= Posthumous promotion =

Advancement in rank after death

A posthumous promotion is an advancement in rank or position in the case of a person who is dead. Posthumous promotions are most often associated with the military, but may be granted in other fields such as business, public safety, science, or the arts. The higher rank is typically intended as a ceremonial recognition of one's achievements, bestowed after their death, though in the case of the military can occur erroneously if the recipient is reported missing before their death is confirmed.

==Academic promotions==
The award of a posthumous degree relates to granting a university title after a student or faculty member has died. In many cases, honorary degrees may be bestowed upon the deceased.

==Military promotions==

The granting of posthumous military decorations and promotions in rank is very common for soldiers and sailors who are killed in combat. The Purple Heart is one such award which is routinely presented to service members killed in action.

The presentation of posthumous rank in the United States Armed Forces has become less common in the 21st century, but was widely used during the era of the Vietnam War and prior. One of the most famous posthumous promotions was that of George Washington to the rank of General of the Armies of the United States. The promotion took place in 1976, 177 years after Washington's death.

Promotions can occasionally be unintentionally posthumous. For instance, the Arctic explorer Captain Sir John Franklin of the Royal Navy was promoted Rear-Admiral of the Blue (the lowest rank of admiral at that time) in October 1852. He had died over five years earlier on his final expedition, but his death was not confirmed until years after his promotion.

===German military personnel in World War II===

In Fall 1941, Adolf Hitler decreed, that German military personnel killed, died, or missing in World War II could be promoted in rank posthumously, if certain criteria had been met. This included:
1. Military personnel that would have been promoted in rank in the month following their death or disappearance according to Wehrmacht regulations;
2. Personnel that had been recommended for promotion in rank by the proper authorities before their death or disappearance;
3. As a recognition for meritorious service by the Commander in Chief of the branches of service, on their recommendation, or with their approval;
4. In those cases where the promotion was delayed for reasons not in the responsibility of the promotee.
In principle, personnel that committed suicide would not be considered for posthumous promotion, except in special cases with approval of the commander in chief of the Wehrmacht branch concerned.
In general, the posthumous promotion would be active as of the first of the month of the death or disappearance, except in cases where the promotion would have been effective from an earlier date.
This decree superseded an earlier decree from January 1941 and was retroactive from 26 August 1939, the day Nazi Germany mobilized its armed forces for the Invasion of Poland.

==Martial arts==
Some martial artists will receive a posthumous belt rank promotion by their instructor. The belt is usually presented to a family member. A notable example of a posthumous promotion is American actor Paul Walker, who was a brown belt in Brazilian Jiu-jitsu at the time of his death, was promoted to a black belt after his death in 2013.

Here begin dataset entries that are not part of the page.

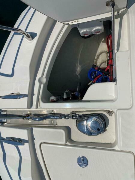 Forward of the helm area are four steps leading down into the companionway. Under the steps is the Splendid washer/dryer combo. There is a stateroom directly forward and the head is to starboard. On the left is the full beam master area with the master head on the right side. While facing aft, you take two steps down into the bedroom area with a loveseat on the starboard side and drawers for personal items under the bed and on the port side. There are two closets for personal items - one forward and one aft both on starboard side. This area has A/C control and LED lighting.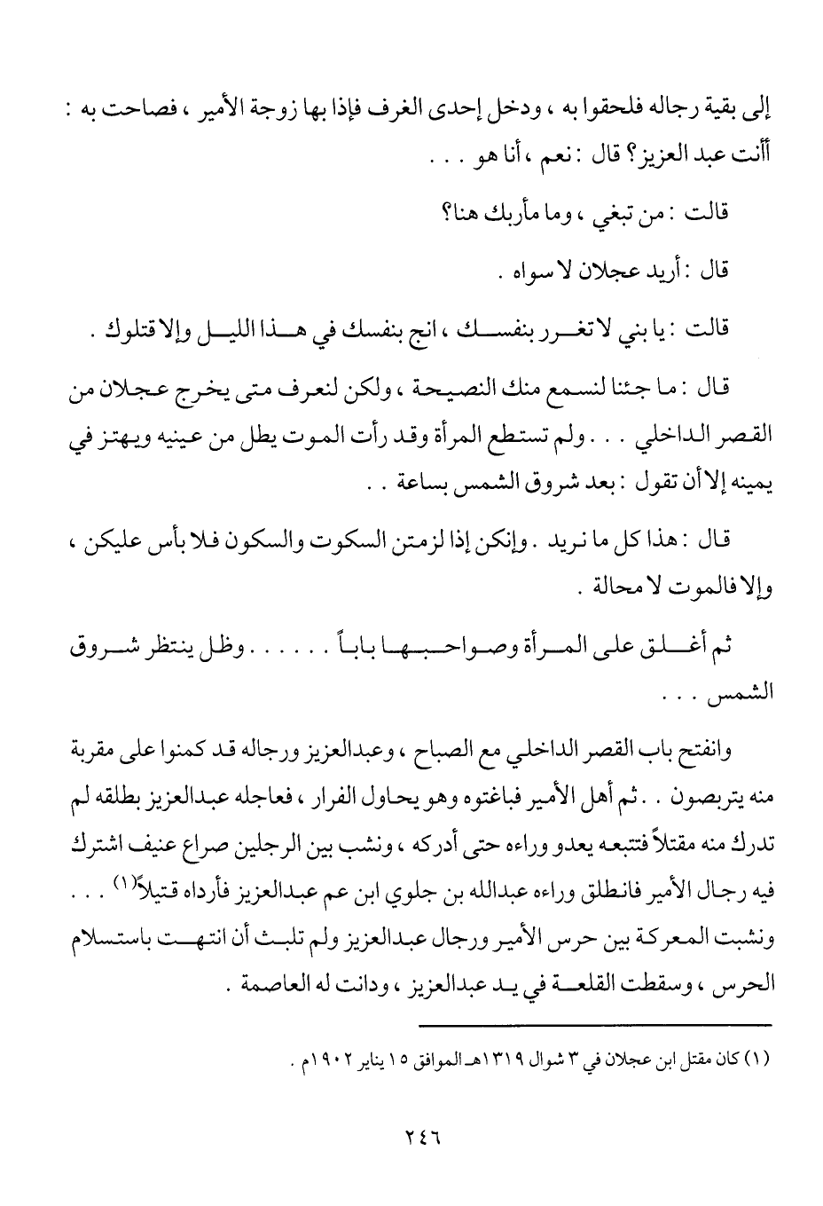 إلى بقية رجاله فلحقوا به، ودخل إحدى الغرف فإذا بها زوجة الأمير، فصاحت به: أأنت عبد العزيز؟ قال: نعم، أنا هو....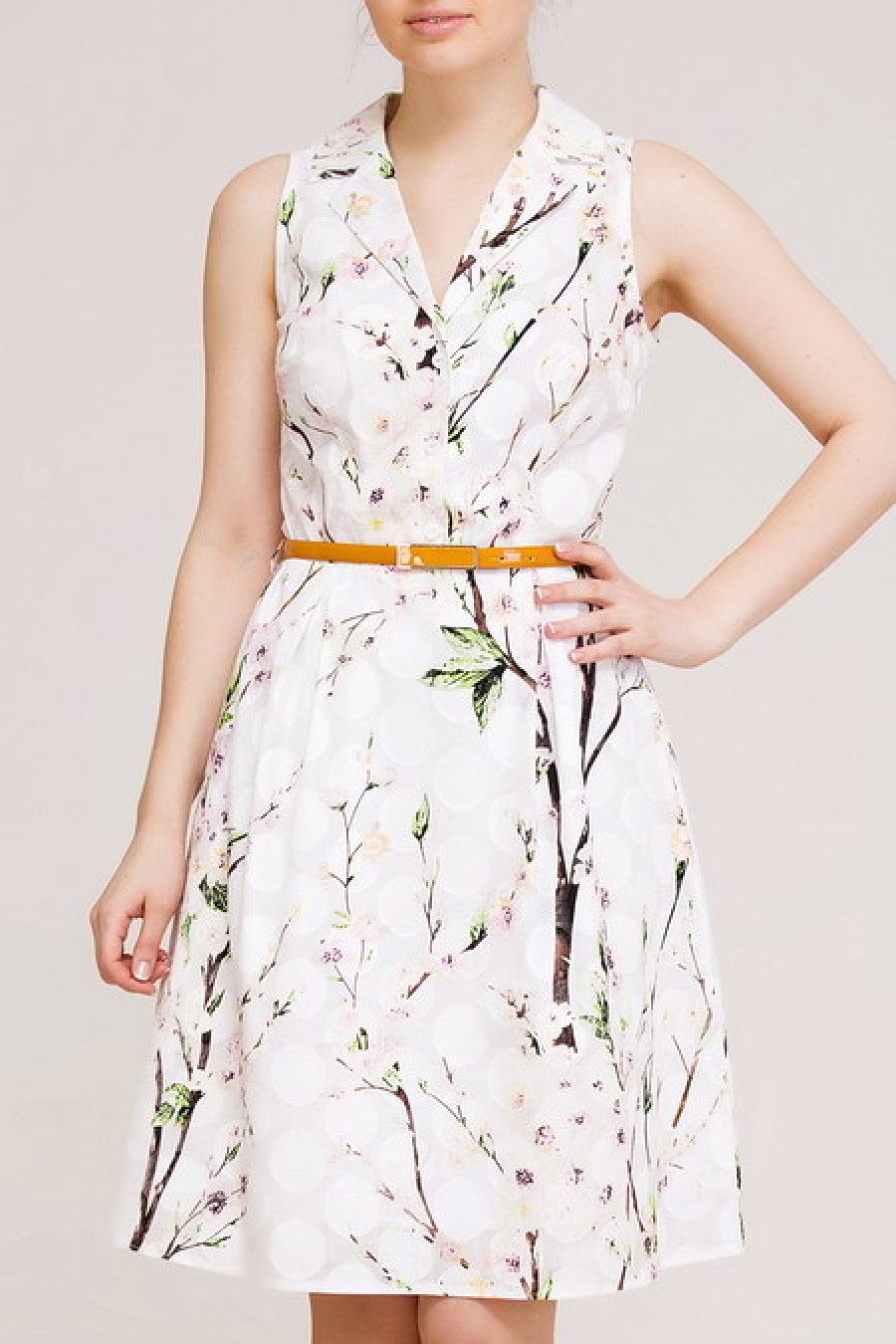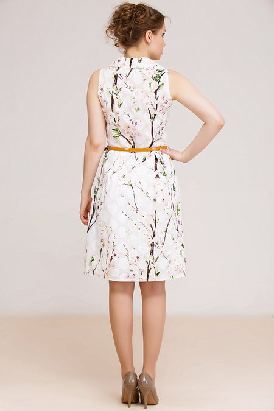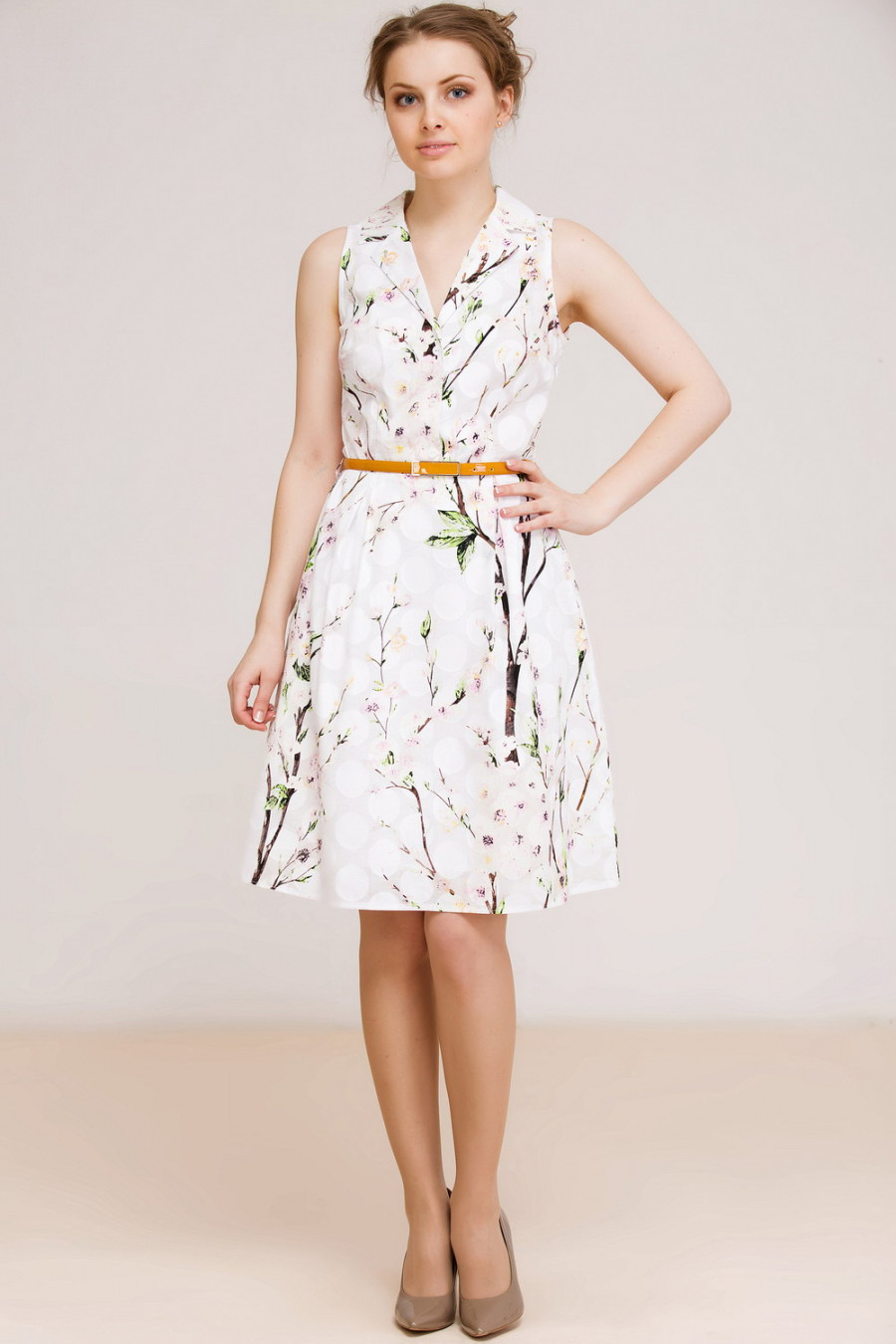 Хлопковое платье без рукавов, с откидным воротником. Идеальный вариант для жаркого летнего дня в офисе. Ремень входит в комплект.

==Sinospheric monarchies==
===Promotion to monarchical status===
In the Chinese cultural sphere, it was a common practice for dynasties to posthumously honor individuals who did not reign as a monarch during their lifetime with monarchical status and accord them with the appropriate titles. Such individuals usually, but not always, hailed from the same paternal lineage as the ruler who conferred them the status.

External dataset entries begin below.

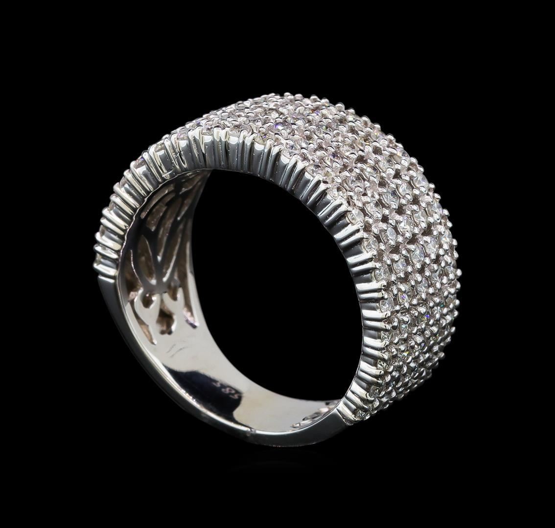 One electronically tested 14KT white gold lady's cast fashion ring with a five row wide band with a bright polish finish. The featured lady's ring has a shank measuring 6.38 millimeters wide. Identified with markings of '585'. Condition is new, good workmanship. Containing: One Hundred Five prong set round brilliant cut diamonds, measuring 1.45 - 1.35 x 0.85mm (depth est.) approximate total weight of 105 Stones = 1.07ct. Graded in the setting. Clarity SI-1 to I-1. Color: G - I Cut Good. Total Weight of Diamonds 1.07ct.. Total Weight of Ring 7.60gm. GAS Appraised.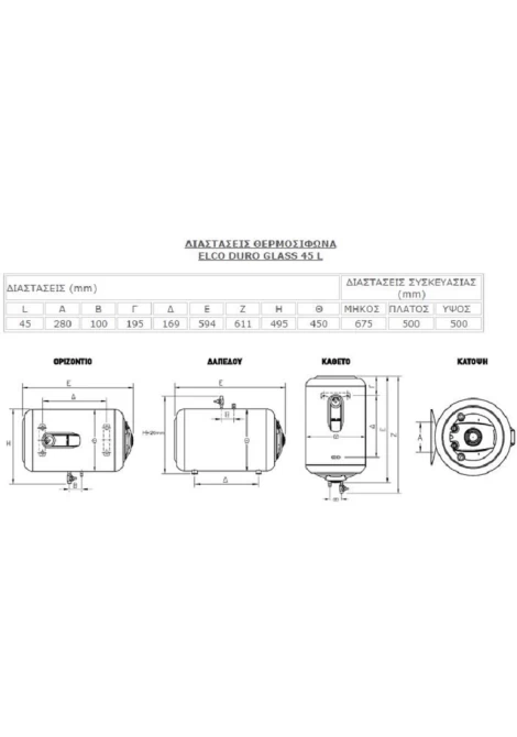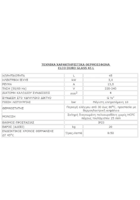 ELCO DURO GLASS 45L/3 Ηλεκτρικός Θερμοσίφωνας Δαπέδου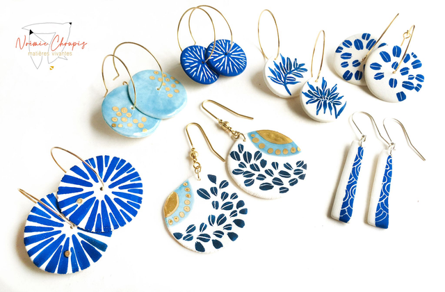 Boucles d'oreilles en porcelaine parsemé d'or - Créole plaqué or Diamètre environ 4cm. Chaque pièce est modelée à la main, ce qui implique l'éventualité de certaines irrégularités de formes et de couleurs d'un bijoux à l'autre. Livraison 5€/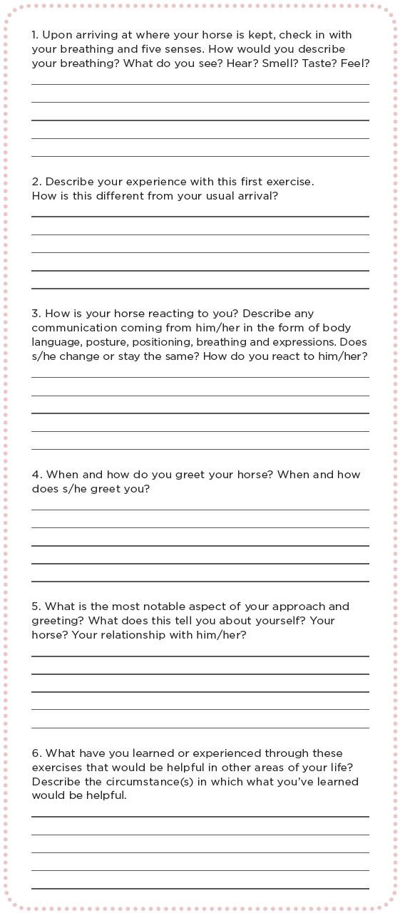 This particular set of exercises and prompts includes a basic mindfulness exercise and is tailored to your arrival at the barn, your approach to your horse, and your greeting. However, they can easily be modified to apply to grooming, tacking, groundwork, riding, and the intervals pre- and post-interaction with your horse.

=== Promotion to official and noble ranks ===
Apart from the posthumous promotion to the status of monarch, it was also common for regimes in the Chinese cultural sphere to posthumously accord individuals with official positions and noble titles.

For example, the Southern Song general Yue Fei was posthumously accorded the official position of Junior Guardian (少保). In 1178 CE, the Emperor Xiaozong of Song bestowed Yue Fei the posthumous name Wumu (武穆). In 1204 CE, Yue Fei was posthumously given the noble title of Prince of E (鄂王) by the Emperor Lizong of Song. In 1225 CE, Yue Fei's posthumous name was changed to Zhongwu (忠武). In traditional Sinospheric fashion, the full posthumous noble title of Yue Fei is thus Prince Zhongwu of E (鄂忠武王).

In another example, Yelü Chucai who served in the Mongol Empire was posthumously granted the noble title of Prince of Guangning (廣寧王) and the posthumous name Wenzheng (文正) by the Emperor Wenzong of Yuan in 1330 CE. The full posthumous noble title of Yelü Chucai is therefore Prince Wenzheng of Guangning (廣寧文正王). Additionally, he was also posthumously conferred the official positions of Meritorious Minister Governing the Dynasty, Establisher of Government, Respectful and Trustworthy Facilitator of Fortune (經國議制寅亮佐運功臣); Grand Preceptor (太師); and Supreme Pillar of State (上柱國).

==Other promotions==

Some business and political leaders have been granted top or honorary positions after dying. Such was the case of Kim Il Sung, promoted to a Supreme Grand Marshal after his death in North Korea. His son Kim Jong Il was similarly promoted after his own death in 2011.